--- Exercise inputs Enclosed Below ---
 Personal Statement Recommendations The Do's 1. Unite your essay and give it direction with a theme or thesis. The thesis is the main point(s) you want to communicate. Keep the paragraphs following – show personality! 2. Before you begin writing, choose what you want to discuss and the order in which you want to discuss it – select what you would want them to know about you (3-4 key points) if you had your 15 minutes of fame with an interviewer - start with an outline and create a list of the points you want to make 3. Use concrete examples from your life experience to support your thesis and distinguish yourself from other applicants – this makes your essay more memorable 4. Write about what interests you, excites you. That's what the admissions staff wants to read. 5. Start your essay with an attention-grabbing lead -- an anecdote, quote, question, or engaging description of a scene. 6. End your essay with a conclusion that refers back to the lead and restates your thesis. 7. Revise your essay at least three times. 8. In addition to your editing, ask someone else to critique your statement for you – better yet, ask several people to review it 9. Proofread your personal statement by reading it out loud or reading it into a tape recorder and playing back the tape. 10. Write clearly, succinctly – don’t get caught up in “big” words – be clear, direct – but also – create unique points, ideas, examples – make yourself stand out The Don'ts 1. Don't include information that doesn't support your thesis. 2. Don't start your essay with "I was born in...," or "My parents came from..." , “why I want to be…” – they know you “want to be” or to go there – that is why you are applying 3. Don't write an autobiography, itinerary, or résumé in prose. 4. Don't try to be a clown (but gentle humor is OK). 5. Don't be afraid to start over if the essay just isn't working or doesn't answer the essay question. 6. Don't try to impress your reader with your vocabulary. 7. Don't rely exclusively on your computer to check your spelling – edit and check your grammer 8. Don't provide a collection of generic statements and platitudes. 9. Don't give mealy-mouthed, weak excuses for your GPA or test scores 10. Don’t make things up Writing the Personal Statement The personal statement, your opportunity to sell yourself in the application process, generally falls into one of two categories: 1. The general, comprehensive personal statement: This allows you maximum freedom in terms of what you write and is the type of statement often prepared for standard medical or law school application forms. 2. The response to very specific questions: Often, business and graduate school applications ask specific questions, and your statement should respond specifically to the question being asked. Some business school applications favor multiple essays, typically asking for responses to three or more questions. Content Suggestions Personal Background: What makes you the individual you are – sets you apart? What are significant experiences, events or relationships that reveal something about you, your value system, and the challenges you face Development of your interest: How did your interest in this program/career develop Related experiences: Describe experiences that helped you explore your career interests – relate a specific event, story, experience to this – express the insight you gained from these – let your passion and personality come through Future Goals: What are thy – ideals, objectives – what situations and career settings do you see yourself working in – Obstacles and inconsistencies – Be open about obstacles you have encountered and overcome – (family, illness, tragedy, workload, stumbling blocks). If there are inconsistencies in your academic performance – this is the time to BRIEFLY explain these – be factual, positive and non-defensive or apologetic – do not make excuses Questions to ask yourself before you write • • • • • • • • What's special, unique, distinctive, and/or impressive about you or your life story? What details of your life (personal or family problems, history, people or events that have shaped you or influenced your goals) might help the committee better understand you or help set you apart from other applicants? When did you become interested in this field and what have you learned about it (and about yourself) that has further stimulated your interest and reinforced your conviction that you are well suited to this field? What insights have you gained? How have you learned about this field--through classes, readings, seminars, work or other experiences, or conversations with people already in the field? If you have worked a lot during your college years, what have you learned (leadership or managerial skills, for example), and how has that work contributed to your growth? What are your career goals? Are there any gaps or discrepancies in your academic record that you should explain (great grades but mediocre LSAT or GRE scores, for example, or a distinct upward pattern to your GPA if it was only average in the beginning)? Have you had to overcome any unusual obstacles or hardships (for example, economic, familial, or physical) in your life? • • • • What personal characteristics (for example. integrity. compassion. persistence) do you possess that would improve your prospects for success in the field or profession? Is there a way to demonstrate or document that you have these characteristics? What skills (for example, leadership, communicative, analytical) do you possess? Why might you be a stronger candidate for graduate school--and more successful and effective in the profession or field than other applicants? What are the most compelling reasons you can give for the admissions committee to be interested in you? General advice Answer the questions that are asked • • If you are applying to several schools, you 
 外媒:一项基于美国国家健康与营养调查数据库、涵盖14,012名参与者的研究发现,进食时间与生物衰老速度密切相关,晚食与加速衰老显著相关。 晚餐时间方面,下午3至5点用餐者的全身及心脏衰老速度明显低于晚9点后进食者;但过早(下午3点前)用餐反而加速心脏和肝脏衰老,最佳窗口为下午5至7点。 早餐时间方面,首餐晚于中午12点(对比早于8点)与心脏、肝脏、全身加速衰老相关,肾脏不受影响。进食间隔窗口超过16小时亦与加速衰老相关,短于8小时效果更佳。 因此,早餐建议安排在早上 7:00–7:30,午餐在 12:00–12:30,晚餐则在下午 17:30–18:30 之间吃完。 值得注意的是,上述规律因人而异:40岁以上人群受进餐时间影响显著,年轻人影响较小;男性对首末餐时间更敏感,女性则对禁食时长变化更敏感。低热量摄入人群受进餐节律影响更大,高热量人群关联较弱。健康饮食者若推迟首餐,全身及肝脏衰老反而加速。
--- End of Enclosed Exercise inputs ---
--- Exercise inputs Enclosed Below ---
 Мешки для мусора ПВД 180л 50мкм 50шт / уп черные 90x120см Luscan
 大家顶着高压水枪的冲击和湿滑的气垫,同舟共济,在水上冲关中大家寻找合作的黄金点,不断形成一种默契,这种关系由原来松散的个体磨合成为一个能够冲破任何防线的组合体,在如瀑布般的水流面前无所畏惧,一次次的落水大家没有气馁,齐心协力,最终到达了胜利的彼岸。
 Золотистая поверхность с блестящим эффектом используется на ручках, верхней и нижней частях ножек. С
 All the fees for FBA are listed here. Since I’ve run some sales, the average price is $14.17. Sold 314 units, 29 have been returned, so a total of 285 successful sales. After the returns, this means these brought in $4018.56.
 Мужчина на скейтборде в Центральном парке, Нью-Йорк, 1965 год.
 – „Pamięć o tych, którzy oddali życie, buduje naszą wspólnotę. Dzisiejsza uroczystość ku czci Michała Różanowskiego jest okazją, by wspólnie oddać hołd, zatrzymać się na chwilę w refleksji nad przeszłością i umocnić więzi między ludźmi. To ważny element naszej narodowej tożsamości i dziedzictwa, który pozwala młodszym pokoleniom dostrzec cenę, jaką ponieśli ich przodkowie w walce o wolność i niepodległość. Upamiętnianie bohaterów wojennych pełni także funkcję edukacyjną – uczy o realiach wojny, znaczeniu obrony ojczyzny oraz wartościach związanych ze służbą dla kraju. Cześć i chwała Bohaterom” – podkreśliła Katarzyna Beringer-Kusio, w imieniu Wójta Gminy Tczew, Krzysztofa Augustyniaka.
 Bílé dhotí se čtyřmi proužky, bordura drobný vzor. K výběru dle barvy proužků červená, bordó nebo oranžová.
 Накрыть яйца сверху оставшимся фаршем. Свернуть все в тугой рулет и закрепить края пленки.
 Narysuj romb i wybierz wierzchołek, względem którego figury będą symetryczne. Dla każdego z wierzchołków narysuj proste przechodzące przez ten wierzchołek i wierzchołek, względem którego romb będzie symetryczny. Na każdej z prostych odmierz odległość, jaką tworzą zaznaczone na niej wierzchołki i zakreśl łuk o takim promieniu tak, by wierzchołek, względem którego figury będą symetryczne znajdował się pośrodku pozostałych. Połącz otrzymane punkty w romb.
--- End of Enclosed Exercise inputs ---
→ **Work request**: Starting at the line with "Накрыть яйца сверху" and ending at the line with "Narysuj romb i", print each line of the listing above exactly, with no other lines.

→ **Answer for this exercise**:
 Накрыть яйца сверху оставшимся фаршем. Свернуть все в тугой рулет и закрепить края пленки.
 Narysuj romb i wybierz wierzchołek, względem którego figury będą symetryczne. Dla każdego z wierzchołków narysuj proste przechodzące przez ten wierzchołek i wierzchołek, względem którego romb będzie symetryczny. Na każdej z prostych odmierz odległość, jaką tworzą zaznaczone na niej wierzchołki i zakreśl łuk o takim promieniu tak, by wierzchołek, względem którego figury będą symetryczne znajdował się pośrodku pozostałych. Połącz otrzymane punkty w romb.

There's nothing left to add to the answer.